In general, hash partitioning allocates tuple (k, v) to partition p where - p = k.hashCode() % numPartitions

Usually works well but be aware of bad inputs!

Shuffle¶

Spark uses shuffles to implement wide dependencies - Examples: reduceByKey, repartition, coalesce, join (on RDDs not partitioned using the same partitioner)

Spark generates sets of tasks - map tasks to organize the data, and a set of reduce tasks to group/aggregate it.

Internally, Spark builds a hash table within each task to perform the grouping.

If the hash table is too large, Spark will spill these tables to disk, incurring the additional overhead of disk I/O

RDDs resulting from shuffles are automatically cached.

Range partitioning¶

For data types that have or ordering defined - Examples: Int, Char, String, … - Internally, Spark samples the data so as to produce more balanced partitions. - Used by default after sorting Example: - An RDD with keys [8, 96, 240, 400, 401, 800], - Number of partitions: 4 - In this case, hash partitioning distributes the keys as follows among the partitions: - partition 0: [8, 96, 240, 400, 800] - partition 1: [401] - partition 2: [] - partition 3: []

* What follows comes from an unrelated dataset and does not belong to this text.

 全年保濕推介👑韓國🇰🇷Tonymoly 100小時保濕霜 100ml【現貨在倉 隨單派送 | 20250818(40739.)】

Range partitioning would improve the partitioning significantly

Partitioner inheritance¶

Operations on Pair RDDs that hold to (and propagate) a partitioner:

mapValues (if parent has a partitioner)
flatMapValues (if parent has a partitioner)
filter (if parent has a partitioner)

Partitioning Data Using Transformations¶

Map will lose partitioner because it may change the key so that mapValues will enable us to still do map transformations without changing the keys.

Job Scheduling¶

Job: a Spark action (e.g. save, collect) and any tasks that need to run to evaluate that action.
Multiple parallel jobs can run simultaneously if they are submitted from separate threads.
Spark’s scheduler runs jobs in FIFO fashion (default)
Each job consists of multiple stages
A stage can only start after all its parent stages have completed
Each stage has many tasks Spark assigns tasks to machines based on data locality
Different levels of locality are used
- PROCESS_LOCAL data is in the same JVM as the running code
- NODE_LOCAL data is on the same node
- RACK_LOCAL data is on the same rack of servers.
- ANY
Spark will wait a bit for a free executor before switching to the next locality level.